Анри помрачнел. Он не подумал о естественных последствиях их отношений.
— А вот я не хочу иметь детей. Как я объясню своему сыну то, что не могу объяснить никому, разве что… только тебе. Что передам в наследство? — И тут же сказал: — Если ты забеременеешь, Тулси, сразу скажи. Ни в коем случае не неси этот груз одна.

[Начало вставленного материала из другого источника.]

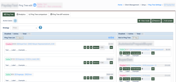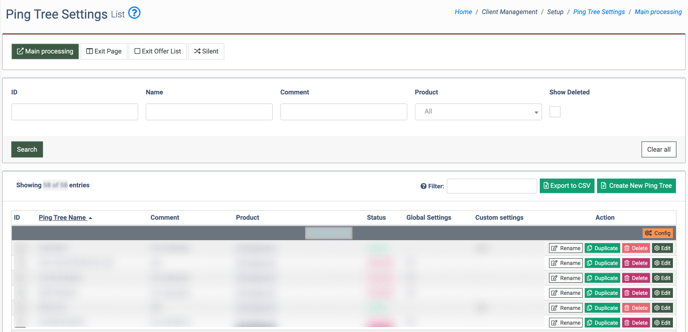 To access the list, go to the Client Management > Setup > Ping Tree Settings section.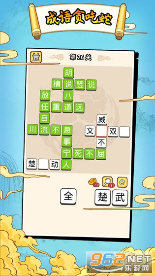 在选择正确成语的同时按顺序吃掉这个成语。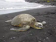 The threatened green turtle or honu (Chelonia mydas) feeds on marine plants in shallow waters along the coastline such as Punaluʻu. Red seaweed, a favorite food of the green turtle flourishes on the coral-encrusted rocks in the shallow waters of the bay and the turtles are found basking on the black sand beach despite the presence of beachgoers. Researchers with the National Marine Fisheries have been studying the green turtle since 1982 along with groups of students. Visitors must remain 15 ft (4.6 m) from the turtles at all times.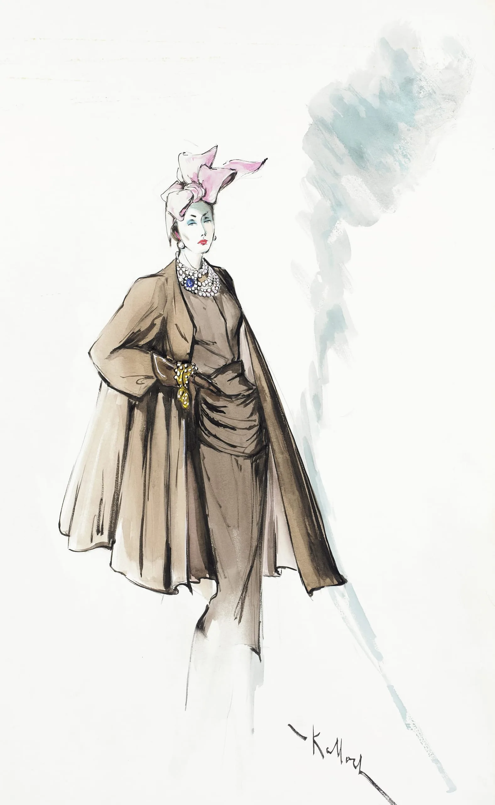 Fashion illustration in ink and watercolor wash, full-length figure in taupe cape and fitted dress, with a pink bow headpiece and pearl necklace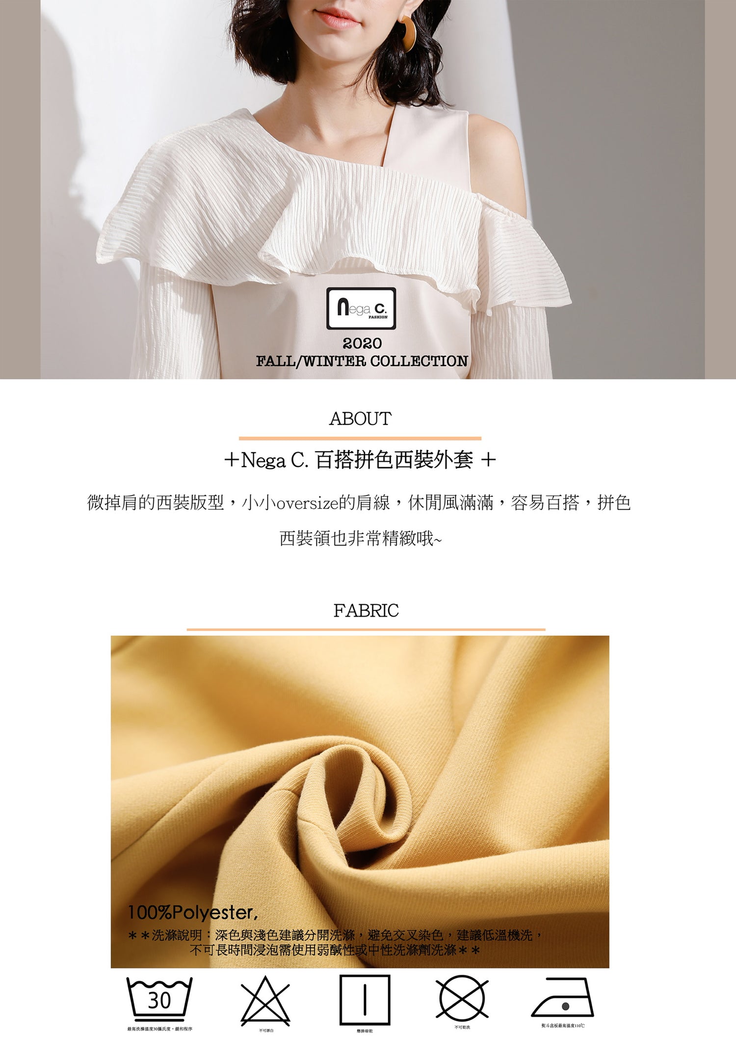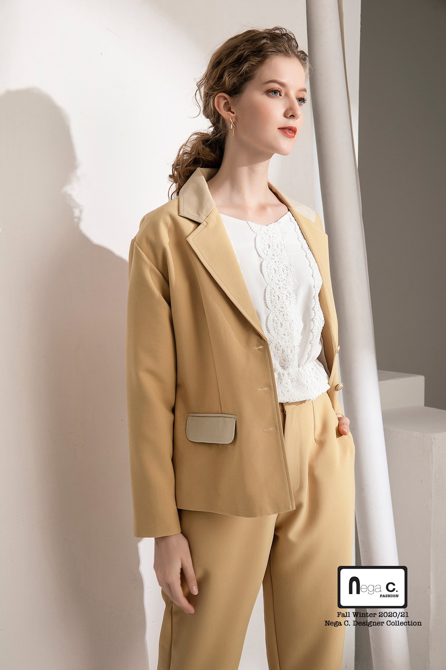 สไตล์ ชุดสูท มี ไหล่ตกเล็กน้อย และ มี สาย ไหล่ ขนาดใหญ่ เล็ก ๆ เต็มไปด้วยสไตล์ ลำลอง และ แมตช์ได้ง่าย คอปกสูท แบบ บล็อค สี ก็ ประณีต มากเช่น กัน ~

«Разве это груз?» — хотела возразить молодая женщина, но вместо этого вновь кинулась в его объятия, взлетела на волшебную вершину, где каждая секунда короткой, святой и грешной жизни наполнена бесконечным наслаждением.
Глава VIII
1753 год, Баласор, Индия
Их жизнь сложилась счастливо, счастливее, чем можно было ожидать. Анри искренне полюбил Индию, ее непредсказуемость, многоликость, многоцветность. В густой головокружительной синеве неба колыхались веерообразные листья пальм, ползучие растения отвоевывали себе место везде, куда только можно забраться, зелень разрасталась буйно, неудержимо, а цветы поражали величиной и красками. То была страна вечного тепла и нескончаемого лета, неисчерпаемая, неистощимая, щедрая.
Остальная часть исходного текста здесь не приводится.